Cleaning up cemeteries might sound like the plot of a horror movie but to the nine members of the Warwick Historical Cemetery Commission, it’s a passion.

“Most people never anticipated that where they were buried would be surrounded by houses and buildings. All they wanted was to be buried in a cute little cemetery,” said Pegee Malcolm, chair of both the Rhode Island Historic Cemetery Commission and the Warwick commission.

Malcolm began volunteering with the committee in 2004 and was named chair in 2006. She began cleaning up the cemeteries because to her it's just, “the right thing to do.”

The Warwick Historical Cemetery Commission was formed back in 1987 under the leadership of former Warwick Mayor Francis Flaherty. With the purpose of creating an inventory of the historic cemeteries within the city and working to formulate and develop plans in order to restore, rehabilitate, and maintain cemeteries.

Flaherty recalls when the Brayton Cemetery went out of business it started to get overgrown so he alongside a couple of other people began cleaning up the place. Brayton is the home of a number of Civil War veterans, doctors, lawyers, a judge who sat on the Rhode Island Supreme Court, and a Rhode Island Congressman, William Brayton. 

“When they look good they add something to the character of the city,” said Flaherty. 

When there was an opening on the commission a little over a year ago Flaherty took the chance to join the commission he helped start over 33 years ago. According to Flaherty though he has some catching up to do compared to the other members of the group.

“I'm just the waterboy on the commission,” said Flaherty.

“There are 166 historical cemeteries in 153 locations (in Warwick).  As an example, there are 9 smaller historical cemeteries that have been moved to Brayton Cemetery in Apponaug,” said Malcolm.

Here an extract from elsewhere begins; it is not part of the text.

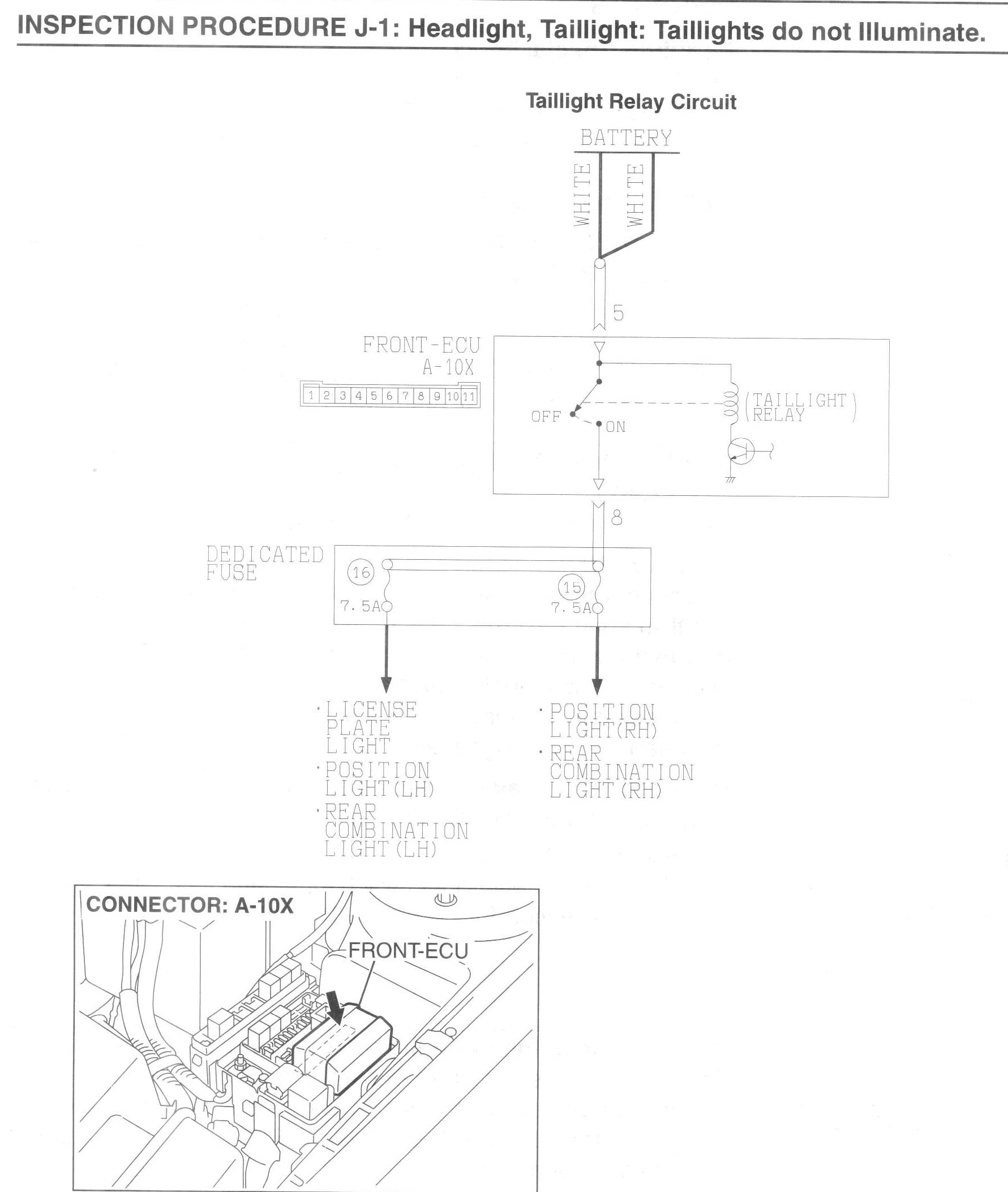 INSPECTION PROCEDURE J-1: Headlight, Taillight: Taillights do not illuminate.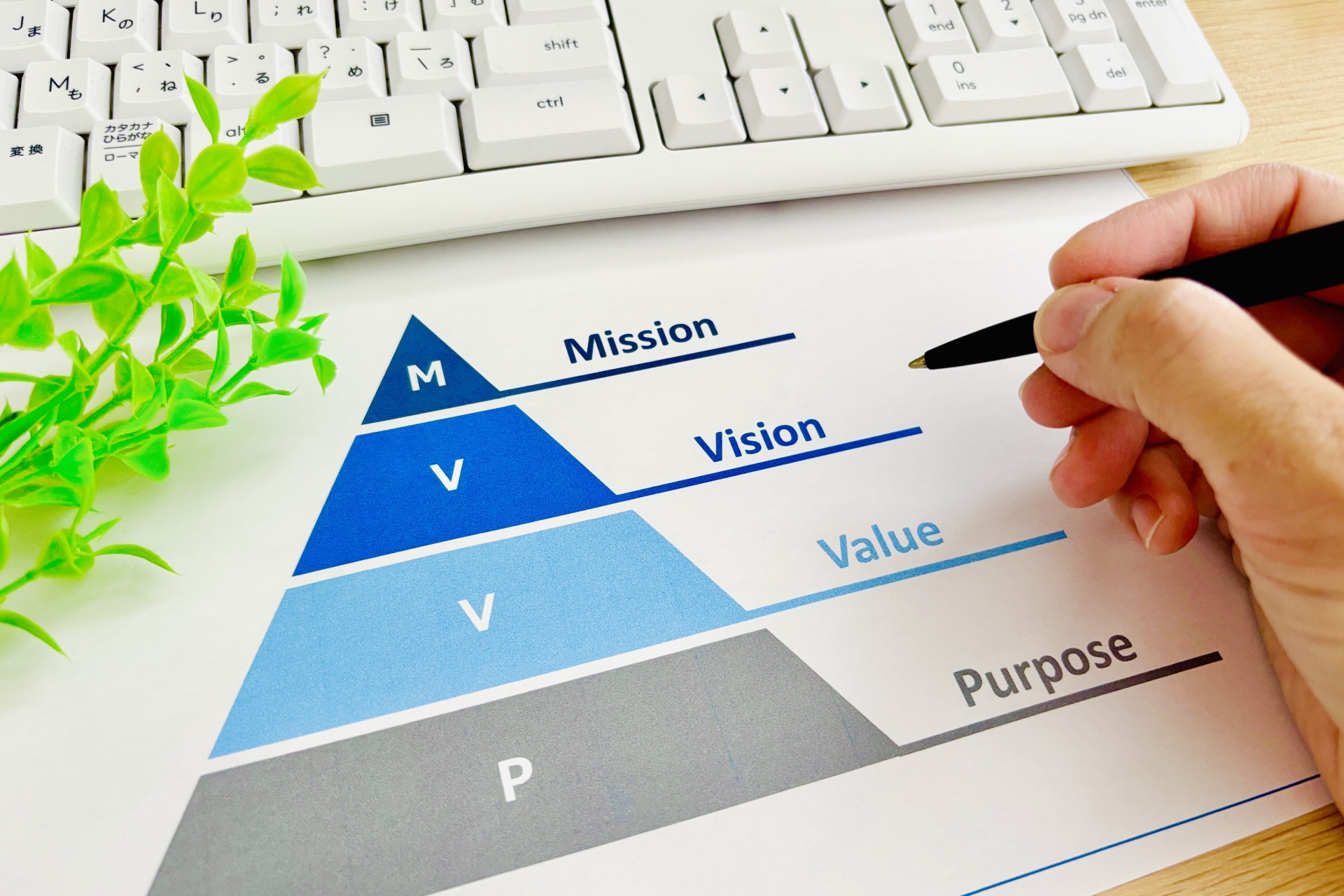 次に「MVV」は、Mission(使命)、Vision(目指す姿)、Value(価値観)の頭文字を取ったフレームです。Missionは「何を実現する組織なのか」、Visionは「どんな未来を目指すのか」、Valueは「どのような行動を大切にするのか」を示します。MVVは戦略や組織設計と結びつけやすく、経営管理の文脈でよく用いられます。

The group has been able to receive a yearly legislative grant of $5,000 for Brayton Cemetery but all the grant truly covers is getting the cemetery mowed a couple of times a year and some structural repairs to the outside wall. The other 152 cemetery locations have no state and local funding. The group either pays out of pocket for repairs and supplies or uses donation money.

“90% is paid out of pocket,” said Malcolm.

Donations and out-of-pocket money helps with damages as well such as vandalism. Although laws such as the Rhode Island General Law 23-18-12 are in place people continue to damage cemeteries across the state.

“The last time was about a year ago in Brayton Cemetery. Prior to that, there was damage done at the George Sears Greene Cemetery. Several headstones were toppled. That, unfortunately, happens all over the state,” said Malcolm.

The group recently paid for damages caused to a wall of one of the cemeteries when it was hit by a car.

Following his retirement as Manager of the State Data Center, Rhode Island Department of Administration in 2011 Mark Brown joined the commission. His interest stemmed from a visit to the Methodist Protestant Cemetery in Alexandria, Virginia where he located the graves of his four-times great grandparents, who were born in 1792 and 1799. Brown currently serves as the Vice-Chair of the Warwick Commission on Historic Cemeteries. For the past 11 years, he has been working on researching the land evidence records of each cemetery and so far has finished the records for 163 of the Warwick Historic cemeteries.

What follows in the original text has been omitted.